Installation instructions

You can either install BGSLibrary via pre-built binary package or build it from source.

Supported Compilers:

  • GCC 4.8 and above
  • Clang 3.4 and above
  • MSVC 2015, 2017, 2019 or newer

Other compilers might work, but are not officially supported. The bgslibrary requires some features from the ISO C++ 2014 standard.

🚀 Build Using Pixi (Recommended)

Pixi provides a clean and reproducible way to build BGSLibrary with no manual OpenCV installation. It works on macOS, Linux, and Windows (WSL recommended).

0. Install Pixi
curl -fsSL https://pixi.sh/install.sh | sh

Restart your terminal after installation.

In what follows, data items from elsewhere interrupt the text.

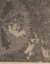
Przed premierą w „Pleciudze”
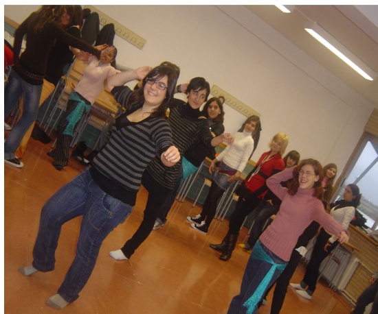
Totes ballant la dansa del ventre.
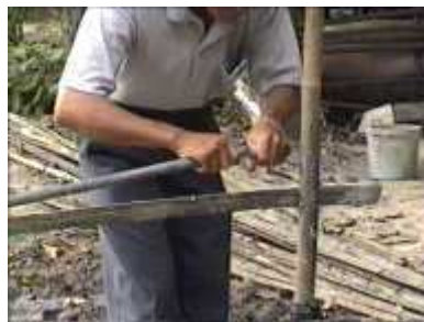
Photo 43. Connexion du tuyau de distribution du gaz au support
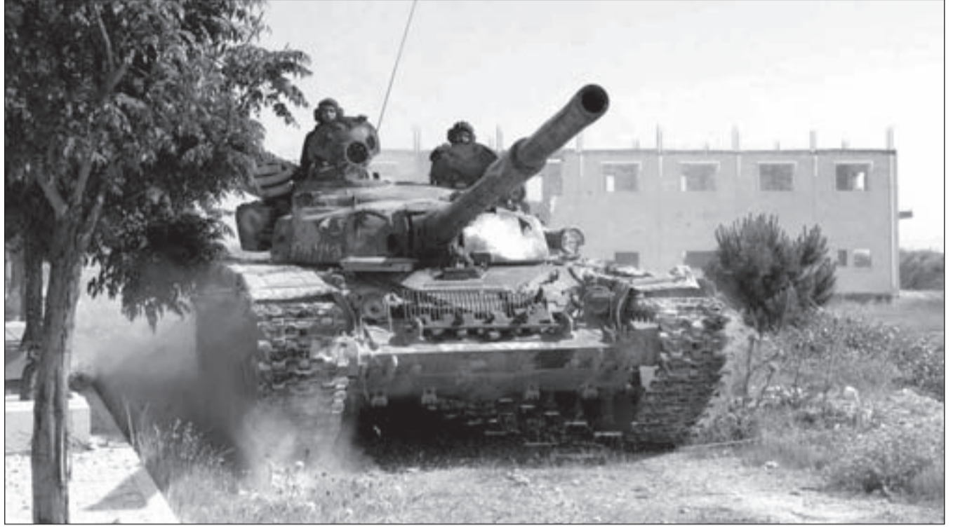
دبابة سورية تدك معقل المسلحين في ريف دير الزور

لم تنفع معها كل المقويات الأميركية والصهيونية والخليجية والتركية، فلم يبق أمامهم سوى إطالة أمد الحرب، بمختلف الأشكال والوسائل التي تميزت مؤخرا بارتفاع الضجيج السعودي - التركي عن التدخل العسكري المباشر من خلال توفير 150 ألف مقاتل يحشدون بتمويل سعودي لمهاجمة سورية، تحت عنوان «مقاتلة داعش»، وفي هذا كذبة كبيرة، لأن وجود «داعش» وانبعائها لم يعد يخفى على أحد.

1. Dependencies and build tasks are preconfigured

The repository already ships a pixi.toml that declares all build dependencies — OpenCV, CMake, Ninja, compilers and pkg-config, plus Python and NumPy for the Python wrapper — and all the build tasks used below. Just clone the repository; there is no need to run pixi init or add anything by hand.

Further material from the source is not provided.